Stored data:
════════════════════

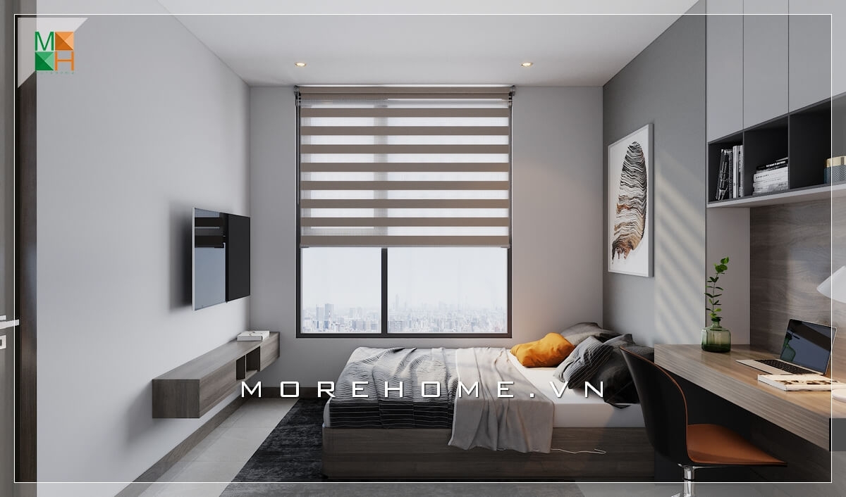Mẫu thiết kế nội thất phòng ngủ chung cư nhỏ hiện đại, đơn giản và tiện nghi
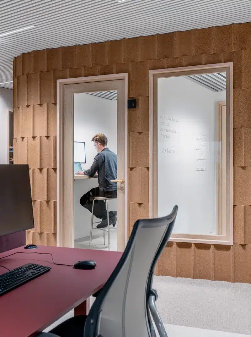 Made from 100% natural cork, it offers excellent acoustic absorption while adding depth and visual sophistication to any interior.
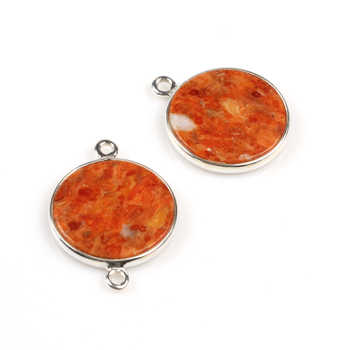 Best Selling Sterling Silver Wholesale Apple Coral Copper Stone Loose 12mm Circle Coin Bezel Charm Connector DIY Jewelry Finding
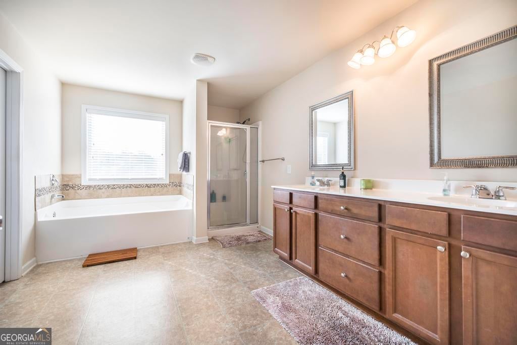 - Interior FeaturesDouble Vanity, High Ceilings, Pulldown Attic Stairs, Separate Shower, Soaking Tub, Split Bedroom Plan, Tray Ceiling(s), Two Story Foyer, Walk-In Closet(s)
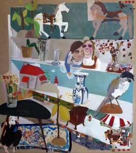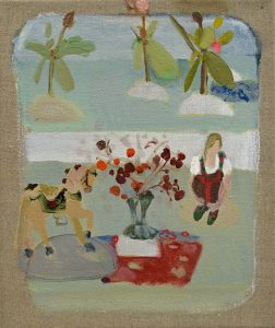 Andrea Freckmann (1970) schept in haar schilderijen een wereld waarin werkelijkheid en theater in elkaar overvloeien. In haar nieuwste werk richt ze zich specifiek op de Commedia dell’Arte, de satirische theatervorm die in het 16e eeuwse Italië tot ontwikkeling kwam. Hierin worden met vaststaande personages maatschappelijke verhoudingen en de drijfveren van mensen blootgelegd, waarbij vaak hiërarchische verhoudingen worden omgekeerd zoals de knecht die slimmer is dan zijn meester. Hoewel de theatervorm historisch is kunnen de types en intriges moeiteloos naar onze huidige samenleving worden vertaald. Andrea Freckmann is vervolgens gaan onderzoeken hoe de mechanismen uit het theater zich verhouden tot de schilderkunst.
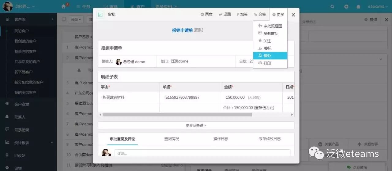 ● 需要紧急外出的销售可以通过审批关联项目和客户来做线上沟通请示,节约重要时刻的宝贵时间。
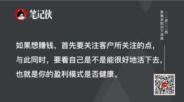 如果想赚钱,首先要关注客户所关注的点,与此同时,要看自己是不是能很好地活下去,也就是你的盈利模式是否健康。
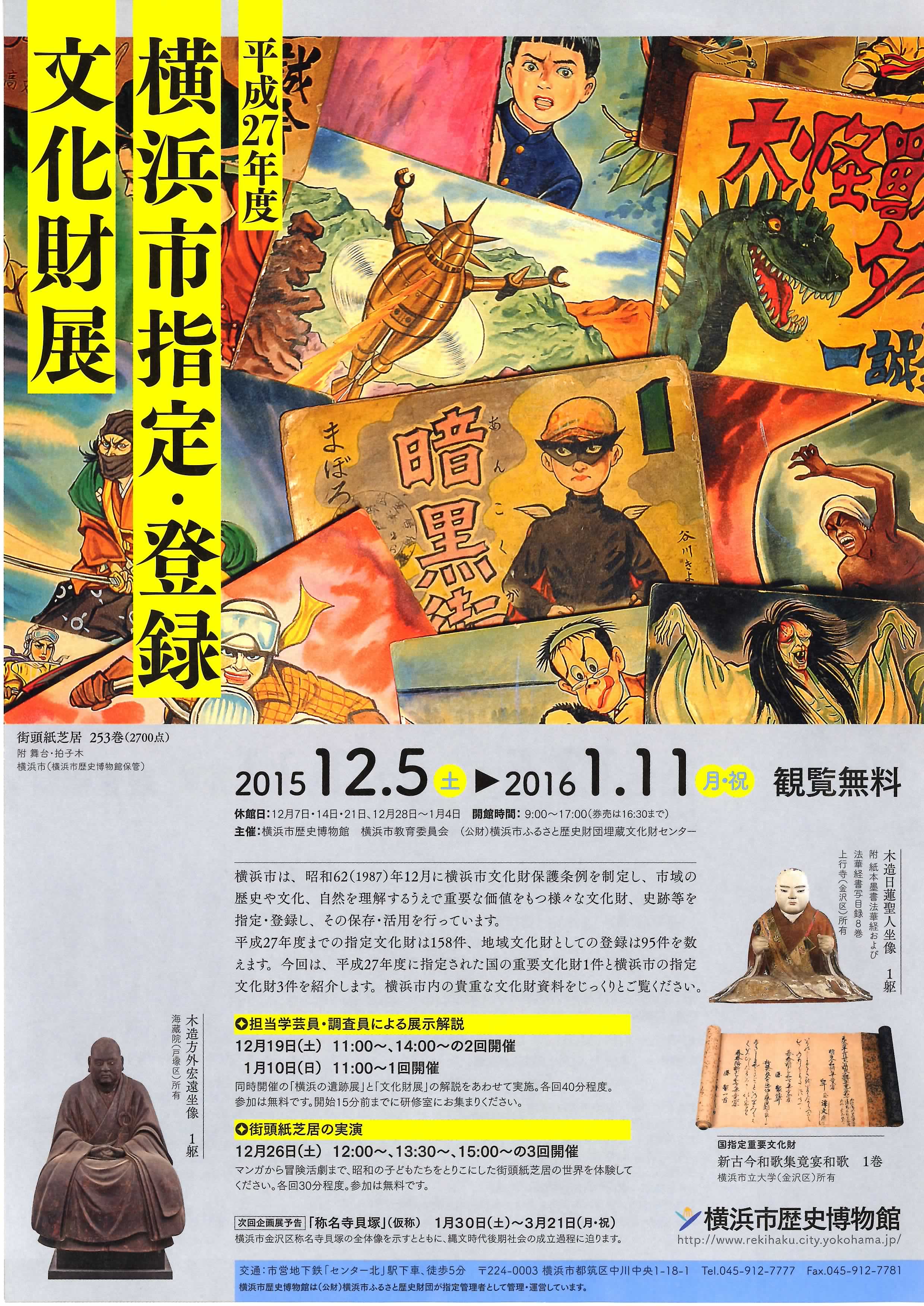 横浜市が昭和62年に制定した横浜市文化財保護条例に基づき、指定・登録された文化財を公開します。今回は平成27年度に指定された国の重要文化財1件と横浜市の指定文化財3件を中心に紹介します。

════════════════════

What you are asked to do
Each line above must be repeated exactly in the answer, with pictures omitted.

Expected output
Mẫu thiết kế nội thất phòng ngủ chung cư nhỏ hiện đại, đơn giản và tiện nghi
 Made from 100% natural cork, it offers excellent acoustic absorption while adding depth and visual sophistication to any interior.
 Best Selling Sterling Silver Wholesale Apple Coral Copper Stone Loose 12mm Circle Coin Bezel Charm Connector DIY Jewelry Finding
 - Interior FeaturesDouble Vanity, High Ceilings, Pulldown Attic Stairs, Separate Shower, Soaking Tub, Split Bedroom Plan, Tray Ceiling(s), Two Story Foyer, Walk-In Closet(s)
 Andrea Freckmann (1970) schept in haar schilderijen een wereld waarin werkelijkheid en theater in elkaar overvloeien. In haar nieuwste werk richt ze zich specifiek op de Commedia dell’Arte, de satirische theatervorm die in het 16e eeuwse Italië tot ontwikkeling kwam. Hierin worden met vaststaande personages maatschappelijke verhoudingen en de drijfveren van mensen blootgelegd, waarbij vaak hiërarchische verhoudingen worden omgekeerd zoals de knecht die slimmer is dan zijn meester. Hoewel de theatervorm historisch is kunnen de types en intriges moeiteloos naar onze huidige samenleving worden vertaald. Andrea Freckmann is vervolgens gaan onderzoeken hoe de mechanismen uit het theater zich verhouden tot de schilderkunst.
 ● 需要紧急外出的销售可以通过审批关联项目和客户来做线上沟通请示,节约重要时刻的宝贵时间。
 如果想赚钱,首先要关注客户所关注的点,与此同时,要看自己是不是能很好地活下去,也就是你的盈利模式是否健康。
 横浜市が昭和62年に制定した横浜市文化財保護条例に基づき、指定・登録された文化財を公開します。今回は平成27年度に指定された国の重要文化財1件と横浜市の指定文化財3件を中心に紹介します。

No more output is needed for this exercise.